I don't know if this is normal for everyone when they had first gotten their C2 Tunes, and maybe it takes a few days to a week or so to fully kick in, so I'd love to hear responses back from people who got a C2 tune.

But for now I'm a bit dissappointed.


----------



## [email protected] (Jul 27, 2010)

Like we spoke about through PMs, we can absolutely raise your idle by 75rpm. Are you switching between the 2 tunes? Clearly the HFE tune will need to be driven a fair bit to see the benefits of this file. As far as the power tune goes, we can continue talking in PMs to keep from cluttering this thread up.


----------



## thygreyt (Jun 7, 2009)

there might be something going on... or lack there of...

when i first was unitronic tuned, my milage was almost instantly better... my 1/4 mile time was lowered by 1/2 second on the run right after i was tuned...

dont know about C2, but with both, unitronic and United Motorsports, i could feel the difference right after the flash.


----------



## Nick_V08 (Aug 2, 2012)

That's what I'm saying. I don't really feel any change over STOCK.. Some things do feel different but not like I was expecting. I was expecting a bit more honestly for what I paid.
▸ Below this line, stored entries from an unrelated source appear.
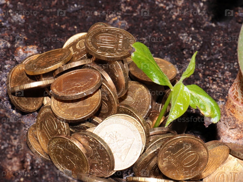Кучу металлических монет и нежный зеленый побег
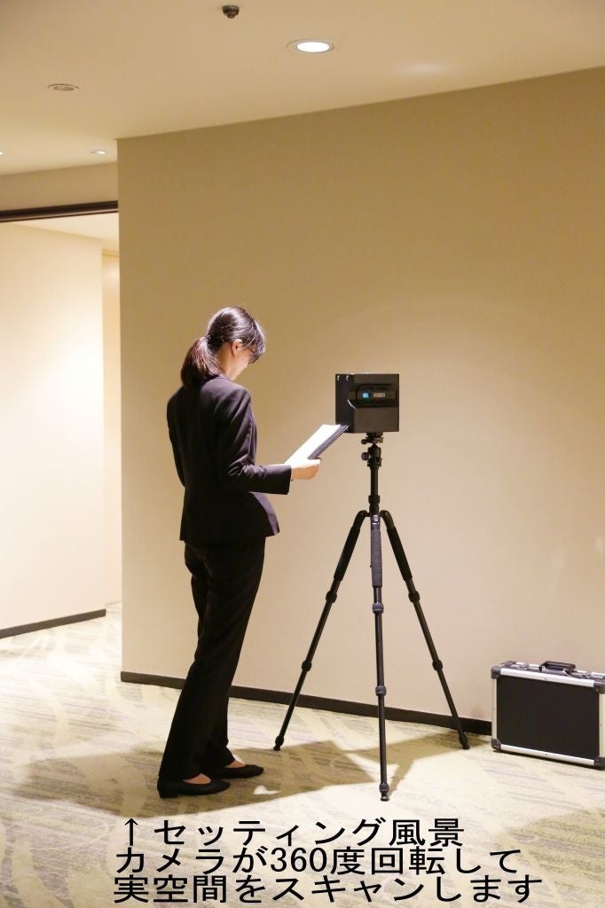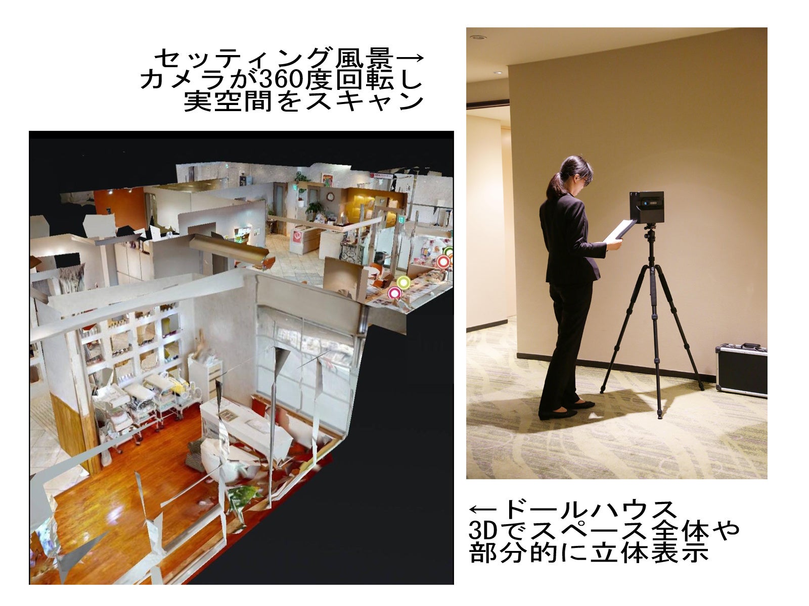 我々が現地へ伺い、特殊な3Dカメラで空間を撮影し、撮影した画像を加工し、WEBページと融合させます。
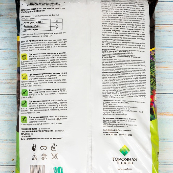 Производитель: Торфяная поляна; Габариты: 40 x 30 x 3,5; Доставка: Платная; Страна: Россия; В боксе: 1 шт; Состав: См. на упаковке; Материалы: см. на упаковке; Фасовка: по 1 шт; Индивидуальная упаковка: Пакет; Сертификат: Не подлежит сертификации; Вид выращиваемой культуры: Универсальный; Вес/Объём: 10 л Грунт цветочный является идеальным выбором для садоводов, желающих обеспечить своим растениям наилучшие условия для роста и развития. Он подходит для использования при выращивании самых разнообразных видов цветов, позволяя им получать все необходимые питательные вещества из грунта. Проращивание семян также будет более успешным благодаря этому продукту, поскольку он обеспечивает оптимальный уровень влажности и питательных веществ для быстрого и здорового прорастания.Пикировка и укоренение растений также станут более простыми и эффективными процедурами благодаря этому питательному торфяному грунту. Он обеспечивает хорошую аэрацию и влагоемкость, что помогает корням растений развиваться более эффективно.Кроме того, этот грунт может использоваться в качестве мульчирующего слоя или подсыпки на поверхности почвы. Это помогает сохранить влагу в почве, предотвращает рост сорняков и улучшает структуру почвы, делая ее более рыхлой и воздухопроницаемой. В результате, использование грунта способствует здоровому росту и развитию растений, а также улучшению общего состояния почвы в саду.

I been talking back and forth to them hoping they can fix and change up the files for me and get things taken care of.


----------



## jaja123 (Jan 17, 2011)

Nick_V08 said:


> That's what I'm saying. I don't really feel any change over STOCK.. Some things do feel different but not like I was expecting. I was expecting a bit more honestly for what I paid.
> 
> I been talking back and forth to them hoping they can fix and change up the files for me and get things taken care of.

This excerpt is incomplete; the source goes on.